Work task
The required output is the exact text of the lines from the line containing "創立50周年を迎える本校の校" through the final line below, inclusive, without pictures.

Data provided
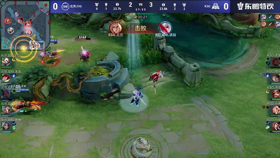 一笙张飞被开反手开出大招壁咚清融小乔,KSG收下JDG中辅二人
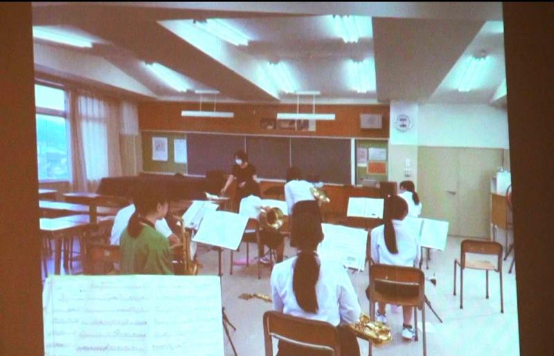 創立50周年を迎える本校の校歌から始まり、流行曲や、来てくださった方が懐かしいと感じていただけそうなメドレー曲、吹奏楽の定番曲を演奏しました。
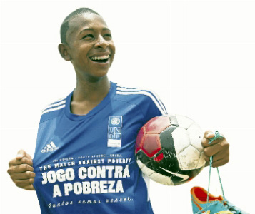 Garoto teve a oportunidade de jogar futebol com os maiores craques da atualidade e do passado no Jogo Contra a Pobreza
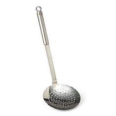 Flat design with large perforations for skimming, straining and lifting out food. The extra wide and flat base of the skimmer retrieves even small bits of food from the base of the pan and deals with delicate food very carefully. Substantial in the hand and comfortable to use, this German designed skimmer will give a lifetime of reliable service. Color: Silver.

Solved exercise
 創立50周年を迎える本校の校歌から始まり、流行曲や、来てくださった方が懐かしいと感じていただけそうなメドレー曲、吹奏楽の定番曲を演奏しました。
 Garoto teve a oportunidade de jogar futebol com os maiores craques da atualidade e do passado no Jogo Contra a Pobreza
 Flat design with large perforations for skimming, straining and lifting out food. The extra wide and flat base of the skimmer retrieves even small bits of food from the base of the pan and deals with delicate food very carefully. Substantial in the hand and comfortable to use, this German designed skimmer will give a lifetime of reliable service. Color: Silver.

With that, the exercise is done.